To soften the blow, the narrator has been invited to the grandstand for the May Day celebrations. It’s a privilege that others wish upon themselves, so to receive such a calling evokes jealousy and disbelief:

It was the first time I had been entitled to sit in the grandstand at the May Day parade, and I still could not quite believe that it was my own name written on the card. When I first received it, the Party secretary seemed as stunned as I was. It wouldn’t be fair to say that the only emotion in his eyes was that of envy: there was also stupefaction.

It’s the journey to the grandstand and the ultimate understanding of the Agamemnon analogy that move the book along. While not much action can be said to happen in the present, Kadare uses the man’s journey to criticise Albania and its policies. To do so he uses layers of myth that strengthen the narrative, recounting incidents about the absurdity of the Socialist agenda as characters are spotted amongst the May Day crowds.
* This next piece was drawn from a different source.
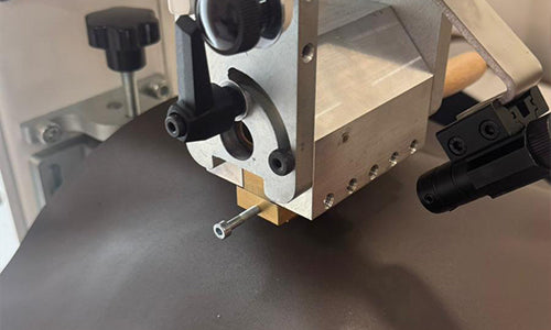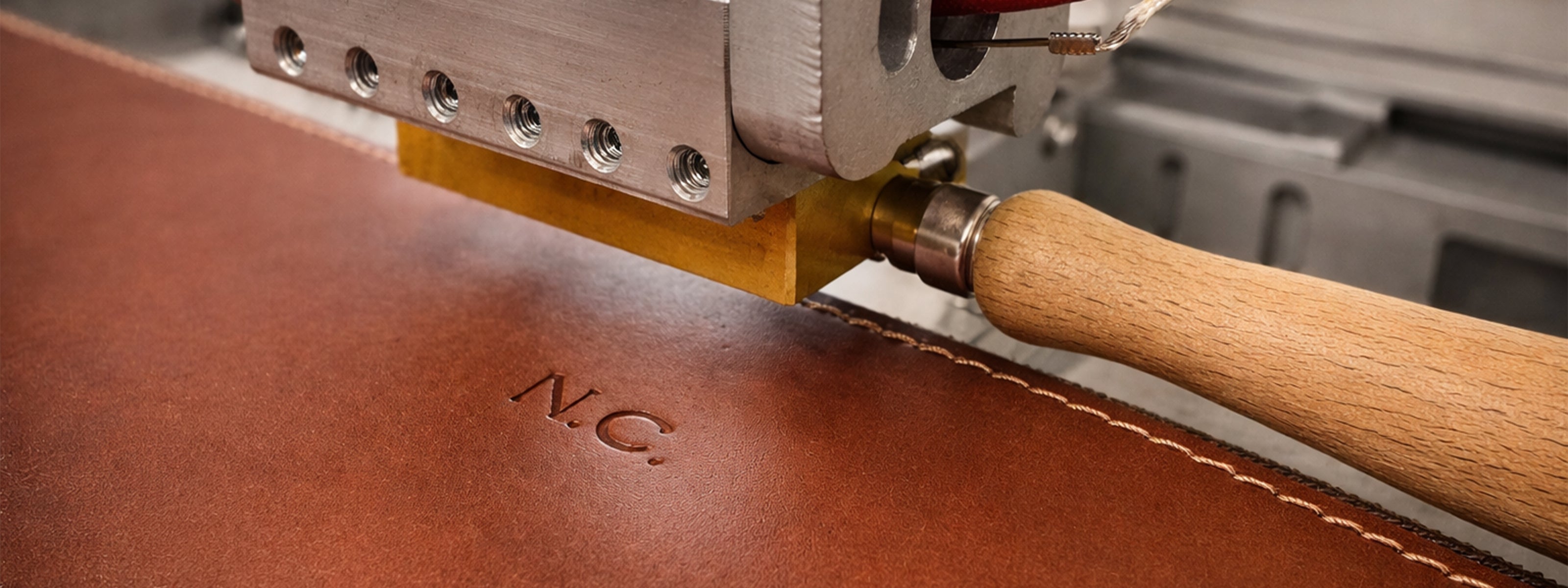 L'impressione a caldo è un'eredità artigiana che conosciamo bene. Il carattere viene scaldato alla temperatura giusta e pressato sulla pelle per pochi secondi: la fibra reagisce, si imprime, e il segno diventa parte della borsa. Non è una stampa che si stacca — è una traccia permanente.

It’s the loss of Suzanna, though, that continues to bring the narrator back to the idea of Iphigenia and of sacrifice. He resigns the idea that maybe he is stretching it, pushing the notion too far:

I’d got hold of the word sacrifice and then used it to contrive an analogy I’d taken further than was warranted. I was no better than a novice poet who manages after much effort to spawn a metaphor, then falls for it entirely and constructs an entire poetic work on a foundation no more solid than sand.
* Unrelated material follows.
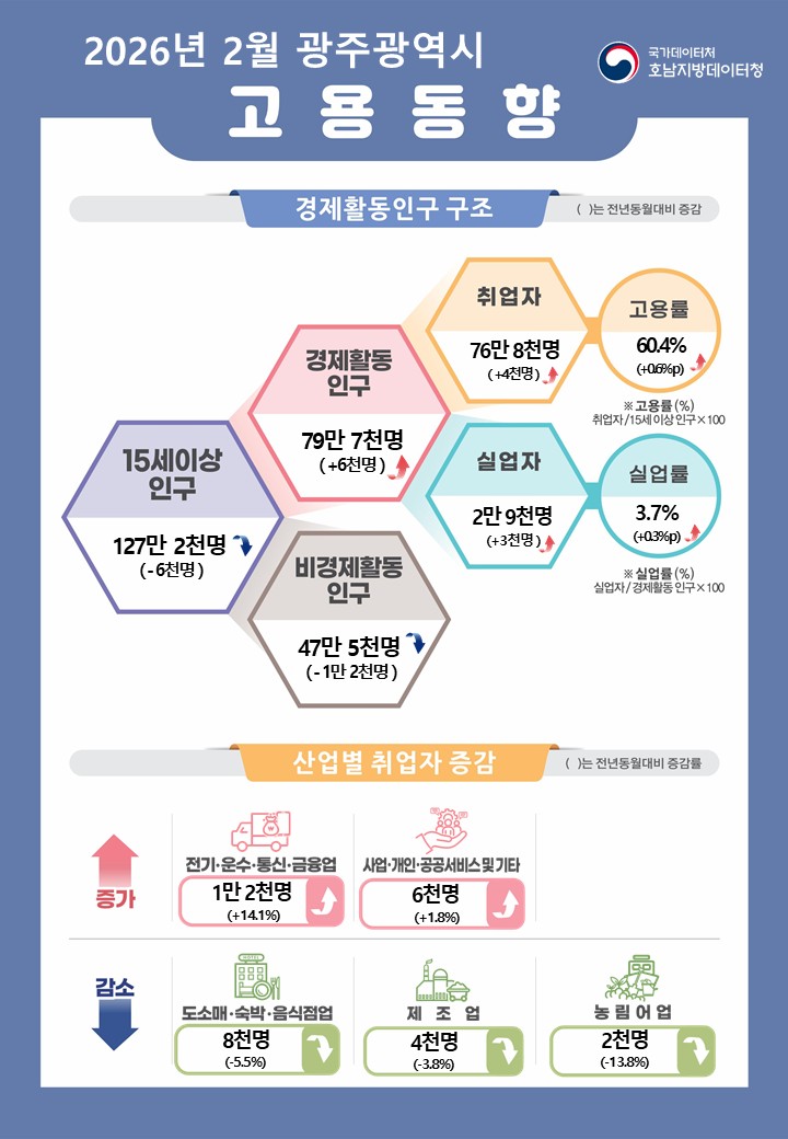 호남지방데이터청이 발표한 2월 광주·전남 고용동향을 보면 광주의 실업자 수는 2만9천명으로 지난해보다 3천명이 증가했고 실업률은 3.7%로 0.5%포인트 상승했습니다.

But, come the end, the sacrifice is certainly there but the offering is not what he thought.

Bundled with Agamemnon’s Daughter are a further two stories that also take sacrifice as their theme. While neither of these are as interesting as the title story, or carry the same level of depth. Of the two, The Blinding Order, set during the Ottoman Empire’s reorganisation, is the stronger piece, delivering a story that is, on the surface, absurd but equally frightening. Closing off the collection, The Great Wall tells the story of China from both sides, and while the analogies are interesting, the story is the weakest aspect.
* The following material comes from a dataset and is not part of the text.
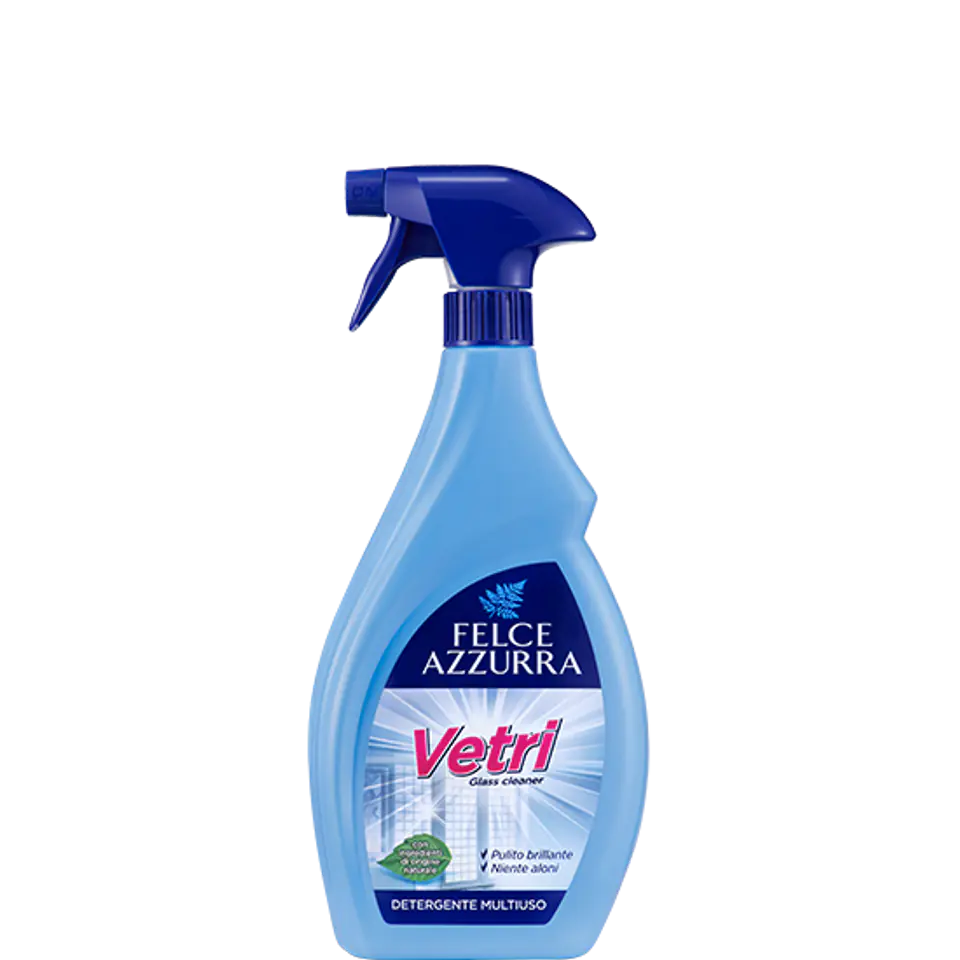 Płyn do mycia okien Felce Azzurra, dzięki swojej wzbogaconej formule, doskonale czyści różnego rodzaju szklane powierzchnie, czyniąc je krystalicznie czystymi

While it’s good piece of literature I daresay it would be hard to enjoy the story of Agamemnon’s Daughter, for its tone never truly excites. What it does do, though, is provide an interesting insight into the world of Albania, the people stifled and oppressed by its politics. A suitable example of such would be the book itself which, due to its criticism of Albania, had to be smuggled out of the country a few pages at a time. Unfortunately, the translation is from French rather than Albanian and so there’s a sense that, with the story having been through the wringer twice, some of the translation has echoes of the French.

But the language is still engaging and once in line with Kadare’s writing, curiousity drives the reader on. It’s an absorbing read - and there’s plenty to absorb - as we follow one man’s journey in an oppressed nation where the will to survive, no matter how hard it becomes, wins through. So four Marx out of five and, in the spirit of socialism, everyone should read it.